To dial back a little, this is only part one of Bakemonogatari. Unlike the japanese original, which was split into two volumes, the english release is a three-parter. As a result, this one here only includes the stories "Hitagi Crab" and "Mayoi Snail", but not "Suruga Monkey" like in Japan. To cross-reference the highly popular anime adaptation from 2009-10, this release covers episodes 1 through 5 only. I'll also have to say that, if you've already watched that particular anime adaptation, you can mostly skip reading this book, because unlike with Kizumonogatari (which got a dreadful 3-part movie adaptation), most scenes are copied pretty accurately, despite some liberties the animation studio took with scenery and keeping it visually busy.

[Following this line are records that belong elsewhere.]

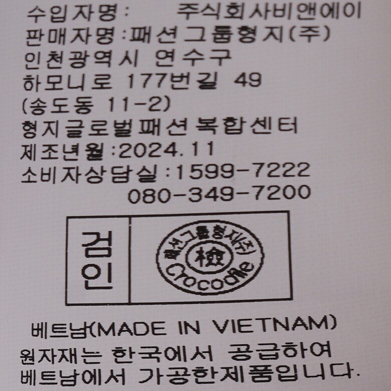 | 1. 제품 소재 (섬유의 조성 또는 혼용률을 백분율로 표시, 기능성인 경우 성적서 또는 허가서) | 상품상세참조 |
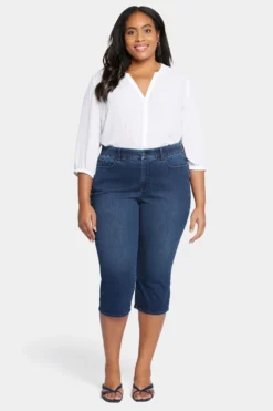 Designed to conform to you, NYDJ’s Waist-Match™ Slim Straight Crop Jeans in Plus Size have a magical satin elastic that lines the interior of the waistband and molds to your waist for an extra-comfortable fit. The cropped silhouette is perfect for all your warm-weather adventures. The design also includes our Lift Tuck® Technology, which uses a proprietary slimming panel to flatten in front and flatter curves in back. Finished with classic five-pocket styling, slits at the hem, zip fly and button closure. Prospect is a rich dark wash with softly feathered whiskers and hand sanding.
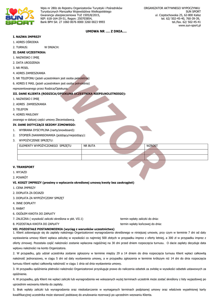 Wpis nr 280z do Rejestru Organizatorów Turystyki i Pośredników Turystycznych Marszałka Województwa Wielkopolskiego Gwarancja ubezpieczeniowa TUZ 1505/8/2015, NIP: 618-164-29-51, Regon: 250703854, Bank BPH SA: 27 1060 0076 0000 3260 0023 9993 ORGANIZATOR AKTYWNEGO WYPOCZYNKU SUN SPORT ul. Częstochowska 25, 62-800 Kalisz tel. 62/ 502-45-40, 760-39-39, tel./fax. 62/ 502-45-41 www.sun-sport.pl UMOWA NR …. Z DNIA…. I. NAZWA IMPREZY 1. ADRES OŚRODKA 2. TURNUS: W DNIACH: II. DANE UCZESTNIKA: 1. NAZWISKO I IMIĘ 2. DATA URODZENIA 3. NR PESEL 4. ADRES ZAMIESZKANIA 5. NR TELEFONU (jeżeli uczestnikiem jest osoba pełnoletnia) 6. ADRES E MAIL (jeżeli uczestnikiem jest osoba pełnoletnia) reprezentowanego przez Rodzica/Opiekuna: III. DANE KLIENTA (RODZICA/OPIEKUNA UCZESTNIKA NIEPEŁNOLETNIEGO): 1. NAZWISKO I IMIĘ 2. ADRES ZAMIESZKANIA 3. TELEFON 4. ADRES MAILOWY zwanego w dalszej części umowy Zleceniodawcą. IV. DANE DOTYCZĄCE SEZONY ZIMOWEGO: 1. WYBRANA DYSCYPLINA (narty/snowboard): 2. STOPIEŃ ZAAWANSOWANIA (jeżdżący/niejeżdżący): 3. WYPOŻYCZENIE SPRZĘTU: ELEMENTY WYPOŻYCZONEGO SPRZĘTU NR BUTA WZROST V. TRANSPORT 1. WYJAZD 2. POWRÓT VI. KOSZT IMPREZY (prosimy o wpłacanie określonej umową kwoty bez zaokrągleń) 1. CENA IMPREZY 2. DOPŁATA ZA DOJAZD 3. DOPŁATA ZA WYPOŻYCZONY SPRZĘT 4. INNE DOPŁATY 5. RABAT 6. OGÓŁEM KWOTA DO ZAPŁATY 7. ZALICZKA ( wysokość zaliczki określona w pkt. VII.1) termin wpłaty zaliczki do dnia: 8. POZOSTAŁA KWOTA DO ZAPŁATY termin wpłaty końcowej do dnia: VII. POZOSTAŁE POSTANOWIENIA (wyciąg z warunków uczestnictwa) 1. Klient zobowiązuje się do zapłaty należnego Organizatorowi wynagrodzenia określonego w niniejszej umowie, przy czym w terminie 7 dni od daty wystawienia umowy Klient wpłaca zaliczkę w wysokości co najmniej 500 złotych w przypadku imprez z oferty letniej, a 300 zł w przypadku imprez z oferty zimowej. Pozostała część należności zostanie wpłacona najpóźniej na 30 dni przed dniem rozpoczęcia turnusu. O dacie zapłaty decyduje data wpływu należności na konto Organizatora. 2. W przypadku, gdy udział uczestnika zostanie zgłoszony w terminie między 29 a 14 dniem do dnia rozpoczęcia turnusu Klient wpłaci całkowitą należność jednorazowo, w ciągu 5 dni od daty wystawienia umowy, a w przypadku zgłoszenia w terminie krótszym niż 14 dni do dnia rozpoczęcia turnusu Klient wpłaci całkowitą należność w ciągu 1 dnia od dnia wystawienia umowy. 3. W przypadku opóźnienia płatności należności Organizatorowi przysługuje prawo do naliczenia odsetek za zwłokę w wysokości odsetek ustawowych za opóźnienie. 4. W przypadku, gdy Klient nie wpłaci zaliczki lub wynagrodzenia we wskazanych wyżej terminach uczestnik może zostać skreślony z listy wyjazdowej po uprzednim wezwaniu klienta do zapłaty. 5. Brak wpłaty zaliczki lub wynagrodzenia oraz niedostarczenie w wymaganych terminach podpisanej umowy oraz właściwie wypełnionej karty kwalifikacyjnej uczestnika może stanowić podstawę do anulowania rezerwacji po uprzednim wezwaniu Klienta. 6. W przypadku objęcia sprzedaży danej imprezy promocją, warunkiem skorzystania z rabatu jest wpłata należności oraz odesłanie dokumentów w wymaganych terminach. Brak wpłaty w wymaganych terminach skutkuje anulacją przyznanego wcześniej rabatu. 7. Zawarcie Umowy pomiędzy Klientem, a Organizatorem następuje w momencie podpisania Umowy, przy czym wpłata zaliczki w kwocie ustalonej przez Organizatora również oznacza zgodę na zawarcie Umowy na warunkach wskazanych w treści Umowy przesłanej do Klienta. Strony ustalają, że obieg dokumentów związanych z zawarciem umowy nastąpi w formie elektronicznej przy czym każda ze stron na wezwanie drugiej jest obowiązana dostarczyć oryginały dokumentów w terminie siedmiu dni od daty takiego zgłoszenia. 8. Klient ma obowiązek odesłania skanu podpisanej umowy oraz wypełnionej karty kwalifikacyjnej w terminie 7 dni od dnia wystawienia umowy na adres e-mail [email protected]. 9. FV wystawiamy na podstawie deklaracji złożonej w formularzu rezerwacyjnym on-line. W przypadku, gdy taka deklaracja nie została złożona w chwili rezerwacji imprezy konieczne jest wypełnienie formularza „Wniosek o wystawienie FV” dostępnego na www.sun-sport.pl w zakładce „Płatności”. UWAGA! Fakturę wystawiamy po dokonaniu całkowitej płatności i najpóźniej do dwóch tygodni po zakończeniu imprezy! Faktury wysyłamy pocztą elektroniczną w formacie PDF na adres e-mail wskazany w umowie. Faktury pocztą tradycyjną wysyłamy wyłącznie na wyraźne życzenie Klienta. 10. Bardzo prosimy o poinformowanie biura drogą mailową lub telefoniczną o rezygnacji z rezerwacji miejsca. 11. Wyrażam zgodę na przetwarzanie moich danych osobowych w zakresie obejmującym imię, nazwisko, adres zamieszkania, numer telefonu oraz adres e-mail przez Organizatora, w celu przesyłania ofert marketingowych dotyczących własnej działalności biura 12. Wyrażam zgodę na ewentualną publikację wizerunku uczestników w materiałach reklamowych Organizatora. 13. Wszelkie zmiany niniejszej umowy wymagają formy pisemnego aneksu pod rygorem nieważności. Rodzice/opiekunowie prawni oświadczają, że posiadają pełnię praw rodzicielskich. W przypadku złożenia pod niniejszą umową wyłącznie jednego podpisu – rodzic/opiekun prawny oświadcza, że posiada zgodę drugiego z rodziców na zawarcie niniejszej umowy lub też jest jedynym opiekunem prawnym. Rodzice/opiekunowie prawni uczestnika oświadczają, że w imieniu własnym oraz uczestnika zapoznali się postanowieniami niniejszej umowy, szczegółową ofertą znajdującą się na stronie internetowej www.sun-sport.pl, Warunkami uczestnictwa obowiązującymi od 10.09.2016 roku, postanowieniami zawartymi w Karcie kwalifikacyjnej oraz warunkami ubezpieczenia znajdującymi się na stronie www.warta.pl (Pakiet Podróżnik - NNW - WARTA POMOC W WYPADKU, waria

However, taken on its own, I enjoyed this first volume. It was a good way to refresh my memory of the series which I watched many years ago, and some things are a little less mindboggling than in the anime, due to giving the reader more introspective sections and time to piece things together without the dramatic visualizations, flashing screens and rapid-fire of dialogue lines. Watching the anime in japanese with english subtitles is certainly entertaining, but can get quite overwhelming with how much information it conveys. The book is easier to digest in that regard.
It also helps that the translator tried to localize some wordplay and references to the point where they'd be understandable to an english-speaking audience - there are still a few japanese language-related subjects in here, like the way you could interpret and read certain character combinations and how the meaning of a name can change drastically depending on perspective and circumstance, but I felt it was well-handled here. So kudos to the translating and editing staff at Vertical for the solid job here, as with Kizumonogatari, which frankly wasn't nearly as tough in this way.

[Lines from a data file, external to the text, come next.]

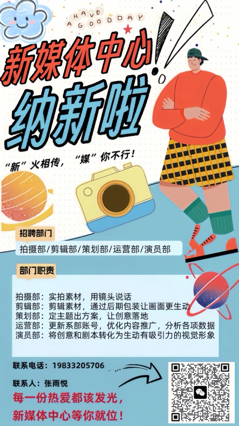 为进一步壮大新媒体中心队伍,提升校园宣传影响力,更好地传递校园声音、讲好校园故事,现面向张职院电子商务系全体新生开启纳新工作,诚邀热爱新媒体、有想法、敢创新的你加入!
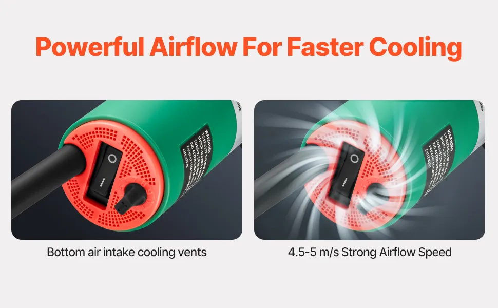 Ausgestattet mit einem leistungsstarken Luftstromsystem verbessert dieses Heißluft-Kunststoffschweißgerät die Luftzirkulation und beschleunigt die Wärmeableitung, wodurch eine stabile Leistung bei längerem Gebrauch gewährleistet wird.
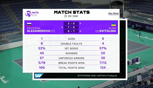 Свитолина оформила 7 брейкпоинтов из 13, выполнила 20 виннеров при 30 невынужденных ошибках. Александрова записала на свой счет 5 брейков при 19 брейкпоинтах, 40 виннеров и 57 невынужденных ошибок.
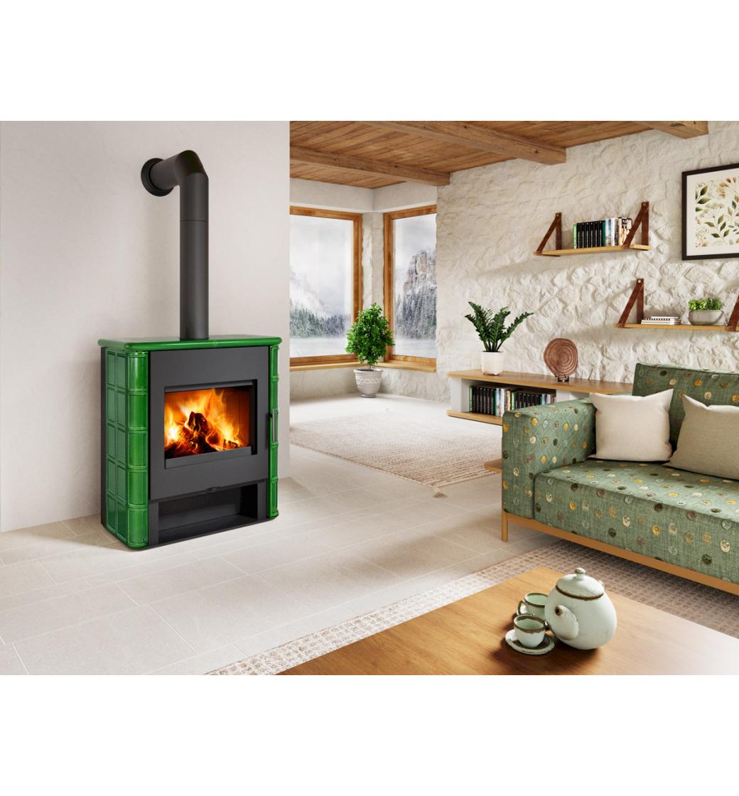 - Rustikální keramický obklad – luxusní vzhled a zvýšená akumulace tepla pro dlouhodobé sálání.
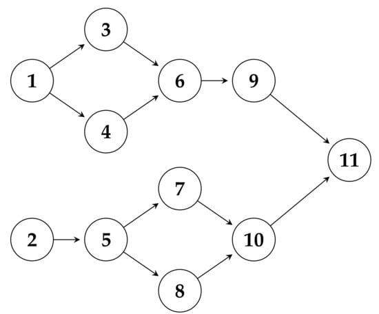 The task flow in cloud computing can be regarded as a topological sequence, such as in Figure 5, which is a directed acyclic graph (DAG). Each node in the graph represents a cloud task, and each edge represents the execution order of the tasks. Now, map the tasks to the particles in the PSO algorithm: each particle in the algorithm is a solution and represents a scheduling scheme. The dimension number of a particle corresponds to the number of the tasks, and the value of the space dimension indicates the number of the virtual machine to which the task is deployed. The dimension of the particle is , where n represents the number of tasks to be scheduled. Particles are constantly moving in space to search for a best scheduling scheme of the task. The quality of the scheduling scheme is judged through a fitness function. Because each particle represents a solution, the larger the number of particles, the larger the search space, but too much search will bring additional overheads. Generally, the number of particles will be greater than the number of tasks.
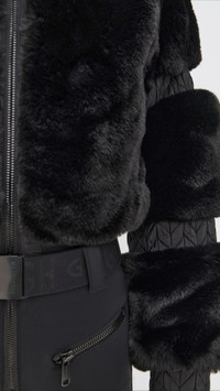 - Fabric: Heavyweight technical weave with stretch - Faux fur bodice and trim - Zip cuffs with interior snow catchers - Optional logo elastic belt with buckle closure - Mock neck - Long sleeves - Zip at front - Zip exterior and interior pockets - Shell: 74% polyamide/26% elastane - Trim: 100% polyester - Lined - Lining: 100% polyester - Wash cold - Imported, China Style #GBERG30118 Size & Fit Model measurements: Size 32: Mily (5'11") usually wears size 32 Measurements from size 32 Inseam: 30in / 76cm Leg opening: 18in / 46cm

Looking at the stories, "Hitagi Crab" explores the traumatic life of Senjougahara Hitagi, who had her "weight" stolen by a Crab a few years earlier and lives an isolated life trying to hide the fact. Araragi happens to find out and offers his help in solving the oddity. Senjougahara is a difficult, sharp-tongued person with more thorns than petals, and her relationship with Araragi borders almost on abusive.
In "Mayoi Snail", Araragi comes across a lost grade schooler on Mother's Day, while he is reluctant to return home himself, and together with Senjougahara they attempt to take the kid to its destination. The child, Hachikuji Mayoi, is funny to read about and offers a neat counterbalance to Hitagi's sharpness.
Both stories are rooted in family-related drama for all involved, straddling the line between comedy and touchy subjects.

Either way, if you expect action, you'll be disappointed. Sorely so. Unlike with Kizumonogatari, where the protagonist Araragi had to fend off three vampire hunters and the vampire Kiss-shot Accerola-Orion Heart-under-Blade, this is a more passive pair of stories that relies much more on dialogue and simple character interaction. In fact, large sections of "Mayoi Snail" take place sitting on a park bench, or walking around looking for a certain address, before returning to the park bench.

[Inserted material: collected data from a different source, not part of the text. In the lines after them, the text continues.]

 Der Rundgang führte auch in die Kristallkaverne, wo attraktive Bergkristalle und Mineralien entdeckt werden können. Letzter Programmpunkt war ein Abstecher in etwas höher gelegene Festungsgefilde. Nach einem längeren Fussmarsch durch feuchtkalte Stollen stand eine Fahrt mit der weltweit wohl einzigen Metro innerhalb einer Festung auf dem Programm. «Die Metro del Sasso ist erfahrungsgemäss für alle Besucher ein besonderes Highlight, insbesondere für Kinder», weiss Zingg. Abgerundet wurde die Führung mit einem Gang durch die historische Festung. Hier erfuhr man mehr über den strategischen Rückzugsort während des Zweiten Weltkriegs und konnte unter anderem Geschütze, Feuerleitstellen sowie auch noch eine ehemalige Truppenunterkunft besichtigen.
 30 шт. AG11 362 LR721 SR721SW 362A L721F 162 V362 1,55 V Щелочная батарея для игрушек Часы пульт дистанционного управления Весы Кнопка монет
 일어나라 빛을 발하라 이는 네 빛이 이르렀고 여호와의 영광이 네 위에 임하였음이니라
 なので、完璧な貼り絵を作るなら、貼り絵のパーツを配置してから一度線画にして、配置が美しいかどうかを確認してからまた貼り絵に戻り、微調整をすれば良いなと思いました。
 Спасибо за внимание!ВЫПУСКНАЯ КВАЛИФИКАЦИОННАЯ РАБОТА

The focus is squarely on the dialogue, the banter, the wordplay and tension between the characters. Environments and outside descriptions are mostly absent, unless they directly concern the characters in some way. You'll be unlikely to get lost in the setting, like you could with many western fantasy authors. Instead the author aims to get you into the characters' heads, and develop an understanding of their circumstances. A lot of the dialogue and Araragi's inner monologues aim to elaborate on those points specifically, putting them into various different contexts and deliberating back and forth. And as convoluted as the chatter can be here, the prose itself, the style of the narrative, is very straightforward and often simplistic.

To me, this is an interesting thing to read about, but it is also plain to see that it will not be enough for a lot of readers. If you don't enjoy the characters for what they are and represent, your enjoyment will suffer greatly.

And let me get one more thing out of the way: This isn't a book for children. The cover may be inviting and anime/manga still have a reputation of being "for kids" in the West, but this is anything but a kids' story. Bakemonogatari deals with the characters' traumatic experiences and their reactions to them, and while there's always a sense of comedy and tongue-in-cheek writing here, some subjects can be pretty sobering when they surface.
Beyond that, there is also a degree of sexual topics in here; while Senjougahara's story deals with those in a rather frank manner, it may seem too much to some readers, and downright offensive to others. It makes certain cultural differences between the West and Japan stand out quite strongly. Even accounting for that, I feel that NisiOisiN elaborates a little too much on these touchy subjects here, though they still serve to underline the characters here and there.

Despite a bunch of points in my review seeming negative, I do want to stress that I enjoyed the book. I'm hoping the second part will be with me next week. The close-up on weird, eastern folklore-inspired abberations and very personal dramatic experiences is very appealing to me, even with all its quirks. There's neat trivia in here that I didn't know before, and the squabbling between Araragi and the rest is entertaining and can even shift your perspective on your own past actions at times. The witty dialogues are often refreshing, easy to visualize and made me laugh more often than they made me cringe.
I still enjoyed the more directed nature of Kizumonogatari more, having a real sense of danger that didn't really exist here, but for as different as they may be, both Kizu- and Bakemonogatari share three important aspects: They are engaging, entertaining and introspective. If that's your thing, like it is mine, then you'll be in for a treat!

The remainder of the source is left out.